Yes, all of the logical operations in opencl that work with (i.e.) ints will also work with int2, int4, int 8…
But, if I want to use these logical operations on floats, I have to use (for example) as_int4( my_float4_value ). As I understand it, this is not a conversion, but simply instructs the compiler to ignore the fact that it’s a float4 and treat it as if it were an int4, so you can do the logical operation, and then as_float4( the_int4_value ) just tells the compiler to treat is as if it were a float4 – with no actual conversion and no instruction cycles lost.

  1. > Are floats realy nesessary or you can perform your task with integers?

Floats are pretty much needed. Well, to be more precise I do lots of sin, cos, tan, many operations that only make sense to do with floating-point values, and I have many values that are fine-grained over a range from 0.0 to 1.0. I suppose the whole thing could_possibly be rewritten to use integer arithmetic – I could multiply all my float values by 10000, for example, and assume an implied decimal place at render time. But then I’d have to find (or write) a library for all the transcendental functions, with maybe lookup tables and linear interpolation instead of (i.e.) doing a real “sine” calc, or use some other simulation algorithm as you suggest. Not worth it, in my opinion, because: my kernel already runs in 24 ms, and any improvement only matters to me if it crosses a 16.7ms boundary.

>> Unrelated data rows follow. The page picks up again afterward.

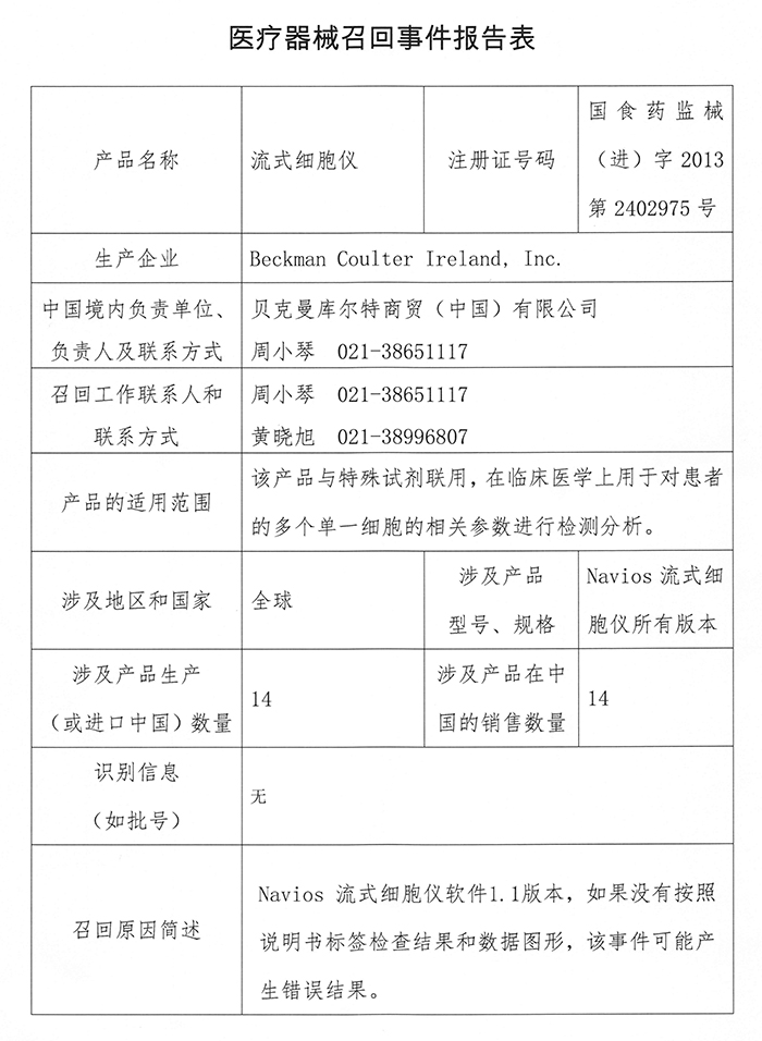 贝克曼库尔特商贸(中国)有限公司报告: 公司发现受影响产品的嵌入式软件存在缺陷。公司主动召回相关产品,召回级别III级。涉及产品的型号、规格及批次等详细信息见《医疗器械召回事件报告表》。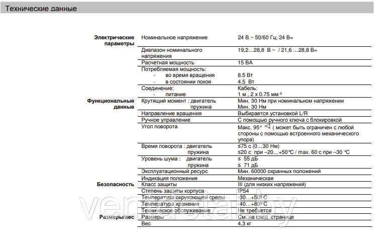 Belimo EF24A поворотный привод Белимо защищен от перегрузки, не требует конечных выключателей и останавливается автоматически при достижении конечных положений.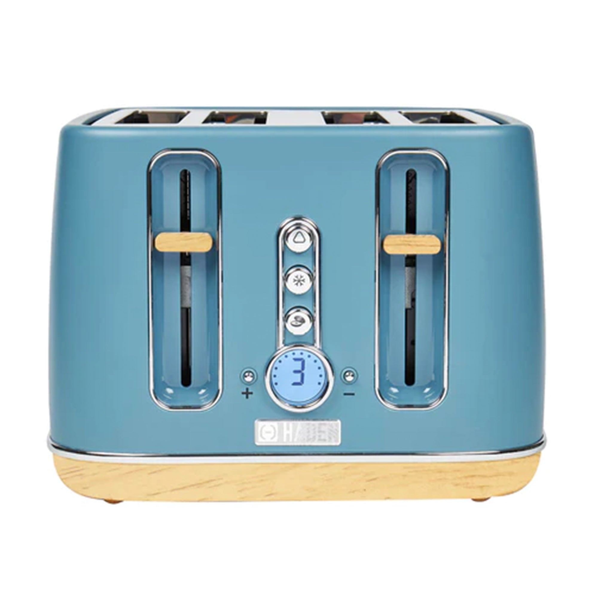 Haden Dorchester 4 Slice Wide Slot Retro Toaster with Control Knob, Stone Blue

By which I mean that I’m generating live video frames, and a millisecond saved doesn’t help unless it gives me a whole extra frame. (That’s why I’m focusing on the subject of my other post, which I will put up later as a fresh new question.)

  1. >conversions costs a lot

Yes they do, but I just want to point out that most of those casts [all the (FROTYP) stuff] do not actually get invoked every time I use the macro. By far most of the vars are already float4 so no conversion needs to be done. Mostly, that’s in the macro to handle the few cases when the macro is called with a float1 that needs to be fanned out to a float4.